Gorgeous old yellow, pink and white buildings in the distinctive Mediterranean neo-classical style surround the square with its quaint black-and-white mosaic flooring (brought from Portugal, my guide informs me) and its dancing fountains at the centre.

Delightful amalgam

Mc Donald’s and Starbucks, Levi and Gap (with Cantonese and Portuguese signs) stand alongside City Hall, and colourful little Chinese flea markets selling handkerchiefs and toys nestle in the picturesque cobbled lanes between buildings… it’s hard not to fall a little bit in love with this delightful amalgam of the modern and the colonial, the East and the West.

And so it continues, all along the sloping cobblestone streets of this historic core of Macao (recently declared as a World Heritage Site) — glass and steel structures by pastel-coloured row-type European buildings, old churches (such as St. Anthony’s) and pretty little squares to sit back and relax in (St. Augustine’s Square is particularly pleasing) peppered amongst aggressively-modern Chinese business houses.

If one structure stands out (literally) amongst all of this, it has to be the nearly-iconic ruins of the St. Paul’s Cathedral.
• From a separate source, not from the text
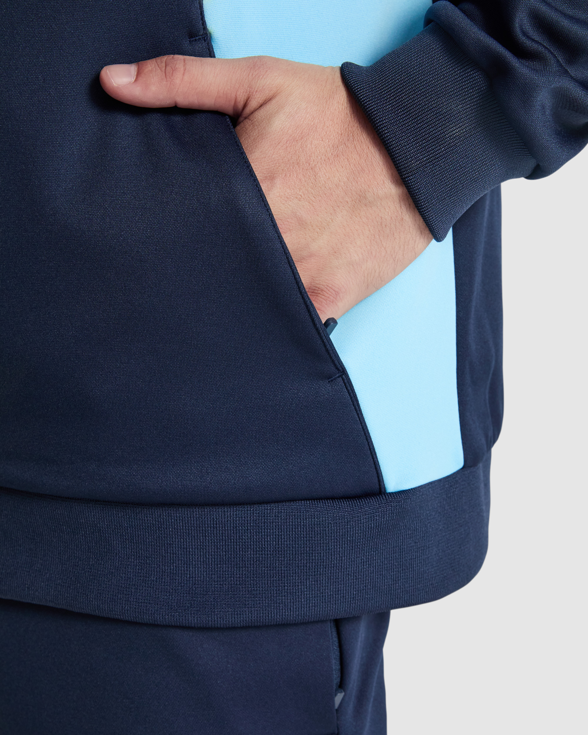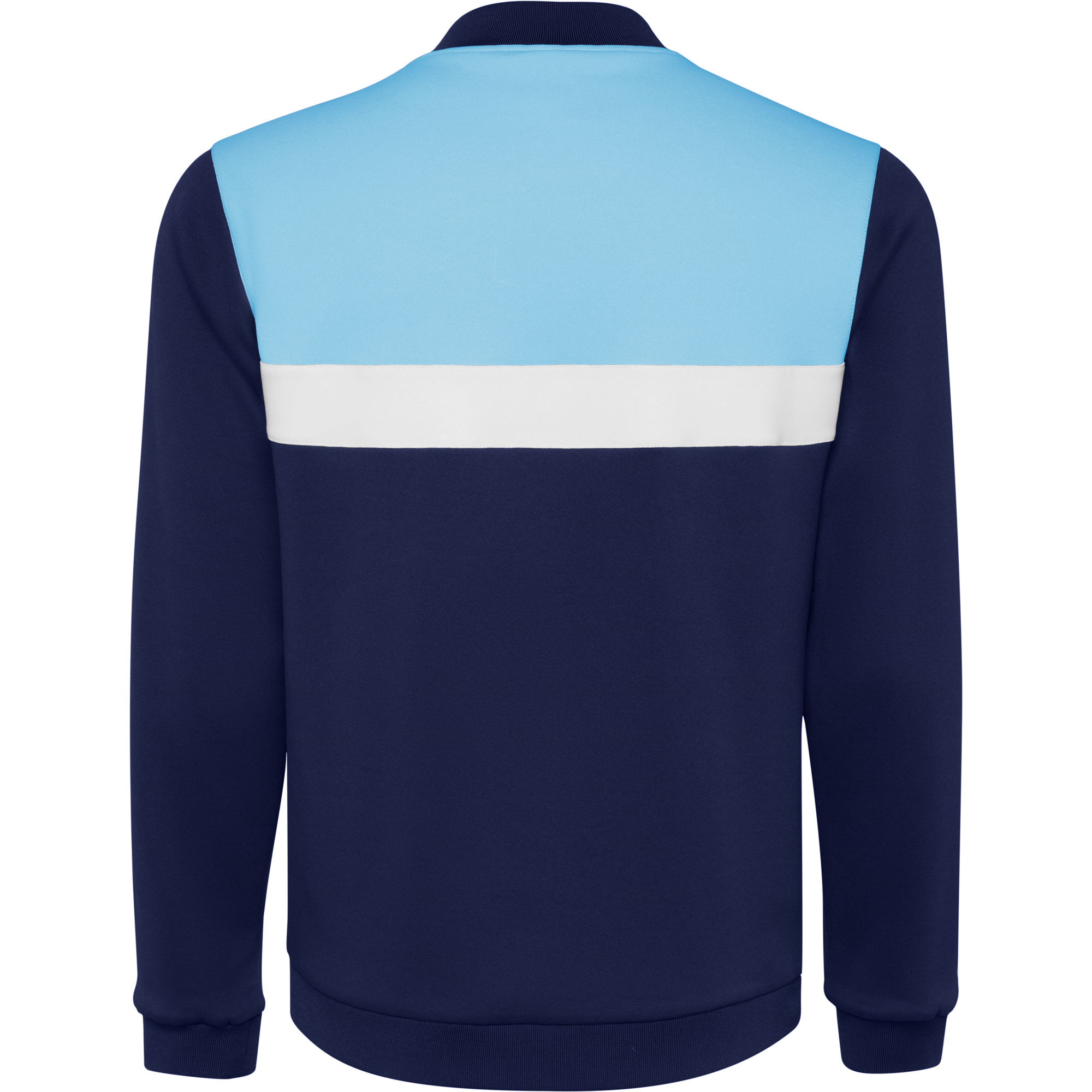 Chaqueta deportiva con cremallera frontal perchada. Bolsillos laterales con cremallera. Piezas a contraste de color, una blanca en pecho especial para bordados. Cuello, puños y cintura en canalé de 1×1.

Towering into the sky at the top of a long flight of broad steps, only the brooding grey façade of this 16th Century church and college remains, looking down upon a panoramic view of Old Macao. Although the building was destroyed in a fire in the 19th Century, the intricately detailed façade stands defiantly, as if by the will of God, with just signs and diagrams remaining where the rest of the structure ought to be — the effect is rather eerie.

So the next time you visit the glitzy new Macao, where the highest bungee and sky jump in the world (338 m, at the Macao Tower), the starry, super-opulent Venetian Macao resort and some of the world’s best casinos beckon, spend a little time at the place where the Macao-that-was still lives. It’s a visit back in time you won’t regret.